This was all perfectly clear to me as I started reading your novels...but I've never been a lazy reader.

Date: 2012-05-09 06:35 pm (UTC)
From: [identity profile] 6-penny.livejournal.com
Yep. One of the many things that put you two on my favorites shelf.

I'm now rereading to try to spot exactly when Val Con started using the Conrad alias and where it came from. Unless it came out of thin air, or that the tale has not made it into the cannon yet.

Conrad

Date: 2012-05-10 01:04 am (UTC)
From: [identity profile] star-horse3.livejournal.com
Isn't it Pat Rin who is called "Conrad" as in "Boss Conrad" by the good people of Surebleak? (In "I Dare") I'm not sure how it came about either, just that after he took over as Boss, Pat Rin was called Conrad. I think it was because of the young boy who was killed, but I'm not sure.

Re: Conrad

Date: 2012-05-10 01:27 am (UTC)
From: [identity profile] attilathepbnun.livejournal.com
Yep, he acquired the surname when poor jory was killed and, based on his reaction, the folk of Surebleak decided that ...'jory had been his true-son, and the boy's late mother his wife, from whom he had been long separated by unhappy circumstance ....' or some such

Re: Conrad

Date: 2012-05-10 01:58 am (UTC)
From: [identity profile] 6-penny.livejournal.com
Pat Rin - right. But he was using Conrad when he bought the Sinners Rug at Bazaar - have just been rereading that chapbook.

Re: Conrad

Date: 2012-05-12 02:56 pm (UTC)
From: [identity profile] robotech-master.livejournal.com
He started using it when he decided to go to ground—right after he was accosted by the DoI agents with the fake ring, and before he visited the bazaar to obtain inventory for his store. He had to call himself something that wasn't Pat Rin yos'Phelium.

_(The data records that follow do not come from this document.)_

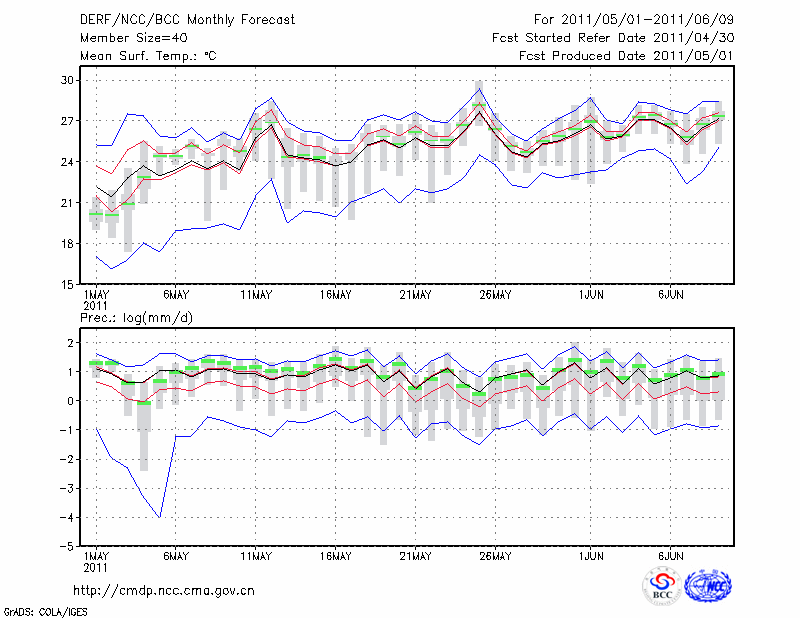 南 昌 (LAT:28.60 LON:115.92) 2011-05-01        预测
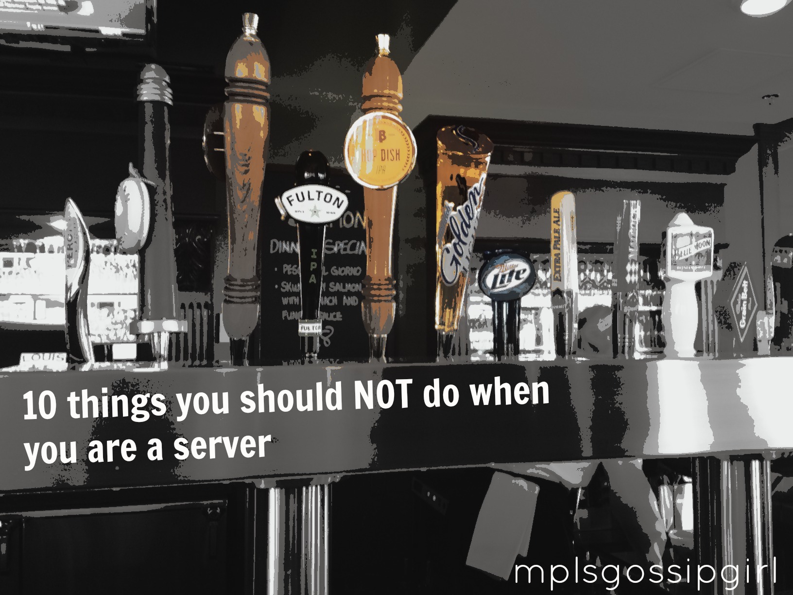 Firstly, I understand how horrible being a server can be. Having to deal with both rude customers and the kitchen can stress even the most calm person out. Most servers that I have encountered in Minneapolis and surrounding areas get most everything right. They would never come close to committing any of the food crimes that I witnessed on this occasion.
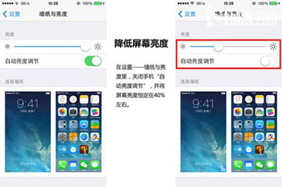 1、控制屏幕亮度和动态效果:屏幕越大越耗电,设置----显示与亮度中关闭“自动亮度调节”,将亮度恒定约40%左右,能明显降低掉电速度。同时,在设置----通用----辅助功能----选择打开“减少动态效果”,既省电又能防晕眩!
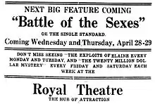 The Battle of the Sexes was the second D. W. Griffith feature to be released to the public, following Biograph's long-delayed release of Griffith's first feature, Judith of Bethulia, by barely more than a month. He had already begun The Escape (1914), but production had been stopped when actress Blanche Sweet fell sick with scarlet fever, and the Reliance-Majestic Studio was already in trouble and in need of a viable Griffith property, fast.[4] Griffith decided on a scenario entitled "The Single Standard", written by in-house screenwriter Daniel Carson Goodman and filmed at the Reliance studio in New York City, rather than at the Hollywood studio, which was still being built. According to Lillian Gish, The Battle of the Sexes was shot in only five days.[5] Although the film was complete by February, its release was delayed for two further months. Several reasons have been advanced for the impasse, but scholar Paul Spehr has suggested that both Reliance-Majestic and its distributor, Mutual, were having difficulty developing an effective distribution strategy for longer, multi-reel films in a market still dominated by one- and two-reel subjects.[6] The Battle of the Sexes was premiered at Weber's Theater in New York City on April 12, 1914, and was a considerable success, the first Griffith enjoyed with his name over the title.
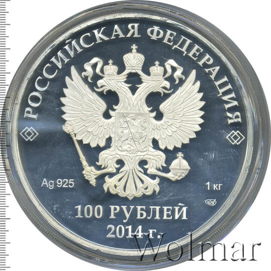Аверс монеты 100 рублей 2014 года СПМД Котел proof
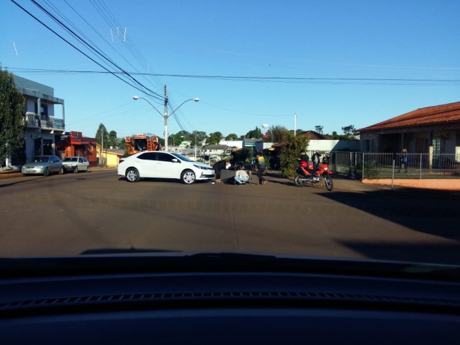 Por volta das 16 horas desta quinta-feira (07/06) ocorreu um acidente na Avenida Ijui, no centro de Miraguaí envolvendo um veículo Toyota Corolla e uma motocicleta.

(As for the original source of the name, it's been mentioned before that it's an homage to Roger Zelazny's "…And Call Me Conrad". How Pat Rin came up with it in-story is never said as far as I know. However, he did grow up with a Terran, Anne Davis, in his extended family, not to mention a robotic butler who had read a lot of old-Terran fiction, so maybe it came from the name of some person they mentioned.)
Edited Date: 2012-05-12 03:00 pm (UTC)

Grammar

Date: 2012-05-09 06:48 pm (UTC)
From: [identity profile] chris hempel (from livejournal.com)
While trying to authenticate a quote for something entirely unrelated, I ran across a wonderful quote that this post reminds me of. I'm going to quote far more than I normally would (my apologies), because the simple sentence or two usually quoted, while pithy, really fails to convey properly what's being said.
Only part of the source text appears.